Paul O’Higgins SC, for two home-schooled students, was making submissions opposing an appeal by the Minster for Education over a significant finding that his clients’ exclusion from the scheme breached their constitutional rights.
After the appeal concluded on Wednesday before the five judge court, the Chief Justice, Mr Justice Donal O’Donnell, said the court was reserving judgment.
The appeal centres on whether the Court of Appeal (COA) was correct in identifying a new constitutional right for home-schooled students to have their interests taken reasonably into account when the State is formulating educational policy.
The appeal arises from two cases, one by Elijah Burke, an 18-year-old student from Co Mayo, who was home-schooled by his mother Martina, a registered teacher. She was deemed to have a conflict of interest when it came to providing the teacher-estimated marks on which the calculated grades process is based.
The second case is by Naomi Power, Station Road, Fiddown, Co Kilkenny, who was home-schooled mainly by her mother, with the assistance of her father and private tutors, none of whom are registered teachers.
Credible
She was told it was not possible to give her a calculated grade in the subjects she had studied due to the absence of “satisfactory, credible evidence from an appropriate source”.
Ms Power was not named previously because she was a minor aged 17 when her case was initiated. She is now aged 18 and the Supreme Court was told on Wednesday, via her solicitor Anthony Collier, there is no objection to her being identified.
After the High Court found in favour of the students, they were both awarded calculated grades.
A core issue in the Minister’s appeal is whether the Calculated Grades Scheme (CGS) was an exercise of the executive power of the State under Article 28.2 of the Constitution.
The State maintains it was an exercise of executive power but Mr O’Higgins argued on Wednesday that the Government’s decision on the CGS of May 8th, 2020 did not change the nature of the scheme to the extent it became an executive function of the State.
Counsel also argued the State’s duty under Article 42.2 of the Constitution to respect parental choice in education involves much more than simply not taking away the right to home educate.

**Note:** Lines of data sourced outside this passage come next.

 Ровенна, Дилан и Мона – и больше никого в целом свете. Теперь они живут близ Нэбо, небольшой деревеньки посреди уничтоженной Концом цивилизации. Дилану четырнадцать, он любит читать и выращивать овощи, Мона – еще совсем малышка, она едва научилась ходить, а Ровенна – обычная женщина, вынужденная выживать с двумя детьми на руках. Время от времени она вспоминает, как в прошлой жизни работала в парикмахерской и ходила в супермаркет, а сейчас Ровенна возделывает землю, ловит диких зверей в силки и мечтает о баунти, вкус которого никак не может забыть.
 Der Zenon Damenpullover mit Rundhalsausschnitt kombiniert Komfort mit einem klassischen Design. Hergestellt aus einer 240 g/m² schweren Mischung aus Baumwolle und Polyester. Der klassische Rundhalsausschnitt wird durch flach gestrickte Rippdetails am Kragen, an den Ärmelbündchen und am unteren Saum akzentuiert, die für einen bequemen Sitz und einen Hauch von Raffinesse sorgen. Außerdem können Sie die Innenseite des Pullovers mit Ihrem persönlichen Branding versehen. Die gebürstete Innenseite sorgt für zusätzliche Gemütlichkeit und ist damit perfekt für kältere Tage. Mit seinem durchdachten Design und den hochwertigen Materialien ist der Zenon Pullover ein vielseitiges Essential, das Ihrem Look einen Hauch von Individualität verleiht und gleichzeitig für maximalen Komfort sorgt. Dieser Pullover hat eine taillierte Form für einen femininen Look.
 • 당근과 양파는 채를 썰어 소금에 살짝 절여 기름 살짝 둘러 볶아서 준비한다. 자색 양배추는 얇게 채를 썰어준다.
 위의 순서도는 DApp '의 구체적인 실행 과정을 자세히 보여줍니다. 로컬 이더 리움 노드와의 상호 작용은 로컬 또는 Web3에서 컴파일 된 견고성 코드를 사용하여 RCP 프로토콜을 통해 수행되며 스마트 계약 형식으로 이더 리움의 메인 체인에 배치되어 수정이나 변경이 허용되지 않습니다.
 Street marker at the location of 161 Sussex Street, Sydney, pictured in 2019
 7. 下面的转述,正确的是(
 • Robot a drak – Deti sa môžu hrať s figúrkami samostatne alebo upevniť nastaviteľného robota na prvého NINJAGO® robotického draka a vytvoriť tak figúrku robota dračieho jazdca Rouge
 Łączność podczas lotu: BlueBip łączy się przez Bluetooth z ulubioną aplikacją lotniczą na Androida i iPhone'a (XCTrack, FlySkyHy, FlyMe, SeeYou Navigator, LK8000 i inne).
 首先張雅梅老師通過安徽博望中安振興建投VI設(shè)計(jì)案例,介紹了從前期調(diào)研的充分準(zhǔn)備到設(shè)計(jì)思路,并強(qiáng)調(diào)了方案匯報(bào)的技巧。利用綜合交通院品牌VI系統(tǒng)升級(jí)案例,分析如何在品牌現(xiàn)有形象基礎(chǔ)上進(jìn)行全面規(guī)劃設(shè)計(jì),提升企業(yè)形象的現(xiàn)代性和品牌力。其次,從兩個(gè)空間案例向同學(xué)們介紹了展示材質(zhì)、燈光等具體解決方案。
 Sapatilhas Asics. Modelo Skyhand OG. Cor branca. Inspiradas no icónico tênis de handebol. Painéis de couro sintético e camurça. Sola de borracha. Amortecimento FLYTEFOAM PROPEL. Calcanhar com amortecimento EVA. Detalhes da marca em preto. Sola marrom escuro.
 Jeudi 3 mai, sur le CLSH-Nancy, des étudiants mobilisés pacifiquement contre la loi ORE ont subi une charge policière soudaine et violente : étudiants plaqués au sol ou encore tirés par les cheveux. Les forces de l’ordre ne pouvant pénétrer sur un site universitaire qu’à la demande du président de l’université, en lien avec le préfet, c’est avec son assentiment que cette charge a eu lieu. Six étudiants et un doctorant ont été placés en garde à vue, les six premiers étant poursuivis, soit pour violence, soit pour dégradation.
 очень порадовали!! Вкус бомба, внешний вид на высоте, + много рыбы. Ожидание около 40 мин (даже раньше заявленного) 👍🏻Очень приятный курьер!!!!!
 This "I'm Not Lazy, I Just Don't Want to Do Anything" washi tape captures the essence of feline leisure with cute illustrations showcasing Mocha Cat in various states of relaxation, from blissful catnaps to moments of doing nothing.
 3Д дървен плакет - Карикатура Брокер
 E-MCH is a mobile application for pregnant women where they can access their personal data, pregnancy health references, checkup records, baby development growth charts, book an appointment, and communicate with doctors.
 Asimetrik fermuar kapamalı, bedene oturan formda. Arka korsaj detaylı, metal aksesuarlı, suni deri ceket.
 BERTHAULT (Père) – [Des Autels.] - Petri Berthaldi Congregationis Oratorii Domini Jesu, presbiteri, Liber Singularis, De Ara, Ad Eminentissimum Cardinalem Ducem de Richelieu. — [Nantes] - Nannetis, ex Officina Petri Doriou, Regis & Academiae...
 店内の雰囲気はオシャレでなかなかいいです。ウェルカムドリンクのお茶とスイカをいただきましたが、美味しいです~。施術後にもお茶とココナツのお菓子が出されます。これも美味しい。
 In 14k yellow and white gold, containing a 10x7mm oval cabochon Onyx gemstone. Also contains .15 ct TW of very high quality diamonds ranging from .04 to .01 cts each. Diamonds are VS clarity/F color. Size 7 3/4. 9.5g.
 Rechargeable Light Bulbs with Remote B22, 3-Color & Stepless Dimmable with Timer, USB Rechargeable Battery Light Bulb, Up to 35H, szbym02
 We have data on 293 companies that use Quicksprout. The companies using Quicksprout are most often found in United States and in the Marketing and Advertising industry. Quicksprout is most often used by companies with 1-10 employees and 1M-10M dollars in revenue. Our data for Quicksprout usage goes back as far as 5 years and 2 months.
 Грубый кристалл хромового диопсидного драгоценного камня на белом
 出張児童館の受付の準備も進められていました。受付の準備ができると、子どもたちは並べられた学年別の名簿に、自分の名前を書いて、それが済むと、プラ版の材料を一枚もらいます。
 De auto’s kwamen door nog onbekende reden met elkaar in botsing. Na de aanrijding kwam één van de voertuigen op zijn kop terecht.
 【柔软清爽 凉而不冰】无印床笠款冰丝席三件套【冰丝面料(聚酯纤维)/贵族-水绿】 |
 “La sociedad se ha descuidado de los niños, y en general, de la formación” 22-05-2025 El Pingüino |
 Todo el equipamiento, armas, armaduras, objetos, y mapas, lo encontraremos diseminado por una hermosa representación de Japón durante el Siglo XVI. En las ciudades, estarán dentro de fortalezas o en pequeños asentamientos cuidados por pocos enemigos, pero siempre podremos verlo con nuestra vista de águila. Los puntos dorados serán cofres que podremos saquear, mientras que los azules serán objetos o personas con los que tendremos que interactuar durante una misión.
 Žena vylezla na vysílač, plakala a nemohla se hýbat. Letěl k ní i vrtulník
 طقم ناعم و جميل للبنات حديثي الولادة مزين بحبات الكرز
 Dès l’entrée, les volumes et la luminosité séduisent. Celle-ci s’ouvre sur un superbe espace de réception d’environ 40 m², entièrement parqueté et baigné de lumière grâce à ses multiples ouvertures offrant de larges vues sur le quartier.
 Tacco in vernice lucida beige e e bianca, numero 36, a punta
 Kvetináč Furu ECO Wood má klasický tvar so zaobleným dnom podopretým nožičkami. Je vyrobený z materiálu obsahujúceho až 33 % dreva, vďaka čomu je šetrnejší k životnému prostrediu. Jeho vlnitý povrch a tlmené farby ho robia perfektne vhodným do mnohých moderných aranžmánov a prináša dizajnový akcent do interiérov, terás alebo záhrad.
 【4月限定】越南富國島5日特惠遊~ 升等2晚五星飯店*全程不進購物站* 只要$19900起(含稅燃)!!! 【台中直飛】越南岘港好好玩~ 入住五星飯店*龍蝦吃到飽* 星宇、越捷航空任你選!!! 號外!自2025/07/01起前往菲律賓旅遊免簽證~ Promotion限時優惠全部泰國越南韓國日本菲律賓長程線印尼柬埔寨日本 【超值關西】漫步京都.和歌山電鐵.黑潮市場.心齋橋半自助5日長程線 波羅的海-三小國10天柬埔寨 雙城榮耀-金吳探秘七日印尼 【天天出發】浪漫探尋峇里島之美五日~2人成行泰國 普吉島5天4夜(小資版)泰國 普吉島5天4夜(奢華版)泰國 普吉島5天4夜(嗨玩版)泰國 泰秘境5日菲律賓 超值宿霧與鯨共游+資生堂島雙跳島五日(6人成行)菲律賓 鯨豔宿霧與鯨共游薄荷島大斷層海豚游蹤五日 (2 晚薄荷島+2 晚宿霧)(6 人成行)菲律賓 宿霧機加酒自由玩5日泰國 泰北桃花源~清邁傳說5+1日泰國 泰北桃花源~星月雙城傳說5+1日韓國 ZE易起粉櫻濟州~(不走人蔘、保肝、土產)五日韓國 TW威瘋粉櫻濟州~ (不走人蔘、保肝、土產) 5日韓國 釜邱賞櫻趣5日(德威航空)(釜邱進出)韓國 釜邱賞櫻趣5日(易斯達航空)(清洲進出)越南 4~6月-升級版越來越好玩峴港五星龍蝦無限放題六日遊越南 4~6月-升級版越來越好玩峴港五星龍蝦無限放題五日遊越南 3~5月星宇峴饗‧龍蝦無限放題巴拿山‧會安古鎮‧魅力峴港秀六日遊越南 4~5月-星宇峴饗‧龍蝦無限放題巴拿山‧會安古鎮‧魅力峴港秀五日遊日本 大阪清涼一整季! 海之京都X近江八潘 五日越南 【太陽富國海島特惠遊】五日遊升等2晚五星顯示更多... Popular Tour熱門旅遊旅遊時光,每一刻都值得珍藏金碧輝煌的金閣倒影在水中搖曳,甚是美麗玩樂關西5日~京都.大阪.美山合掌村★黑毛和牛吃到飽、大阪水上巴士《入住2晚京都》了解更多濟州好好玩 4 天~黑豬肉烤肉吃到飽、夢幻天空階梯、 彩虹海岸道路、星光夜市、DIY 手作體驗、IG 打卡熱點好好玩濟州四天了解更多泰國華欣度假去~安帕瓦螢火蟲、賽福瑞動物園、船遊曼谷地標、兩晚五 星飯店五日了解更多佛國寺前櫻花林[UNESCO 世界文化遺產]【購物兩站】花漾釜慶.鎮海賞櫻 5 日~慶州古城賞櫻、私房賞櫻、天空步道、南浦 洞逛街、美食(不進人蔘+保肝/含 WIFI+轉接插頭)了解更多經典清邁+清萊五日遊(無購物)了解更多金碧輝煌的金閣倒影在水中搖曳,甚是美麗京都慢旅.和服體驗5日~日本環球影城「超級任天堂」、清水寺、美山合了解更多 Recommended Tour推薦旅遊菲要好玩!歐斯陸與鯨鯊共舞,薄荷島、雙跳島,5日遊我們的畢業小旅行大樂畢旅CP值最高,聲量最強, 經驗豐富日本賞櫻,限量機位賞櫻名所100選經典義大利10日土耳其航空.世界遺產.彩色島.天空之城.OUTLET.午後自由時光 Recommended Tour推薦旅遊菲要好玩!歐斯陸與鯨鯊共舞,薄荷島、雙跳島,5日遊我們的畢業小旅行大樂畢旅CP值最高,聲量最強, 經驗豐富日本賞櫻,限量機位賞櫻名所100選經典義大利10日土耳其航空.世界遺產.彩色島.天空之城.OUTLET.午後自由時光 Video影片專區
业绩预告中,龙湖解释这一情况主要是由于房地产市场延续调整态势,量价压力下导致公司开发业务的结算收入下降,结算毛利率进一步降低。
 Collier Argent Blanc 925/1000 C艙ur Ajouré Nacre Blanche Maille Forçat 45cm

His clients insist on their right to be judged by the same objective standards as the children of parents who had made different choices concerning their children’s education, counsel said.
They were not seeking “complete isolation” and welcomed and subscribed to any reasonable measure to allow the product of their home education to be measured in a way that allows them to be considered for third level or employment, he said.
They had a legally enforceable right to sit the Leaving Cert on the same terms as other students but, when the 2020 written exam was deferred and the CGS was introduced, they were among a very small group of students deprived of their right to compete alongside school-based students for a college place that year, he argued.
In closing arguments, Eileen Barrington SC, with Brian Kennedy SC, said the Constitution requires the State to protect and not destroy the possibility of home-schooling but there is no concomitant duty on the State to “actively assist” it.
The Minster’s concern about the COA judgment is not so much about accredited grades but about the implications for educational policy making, she said.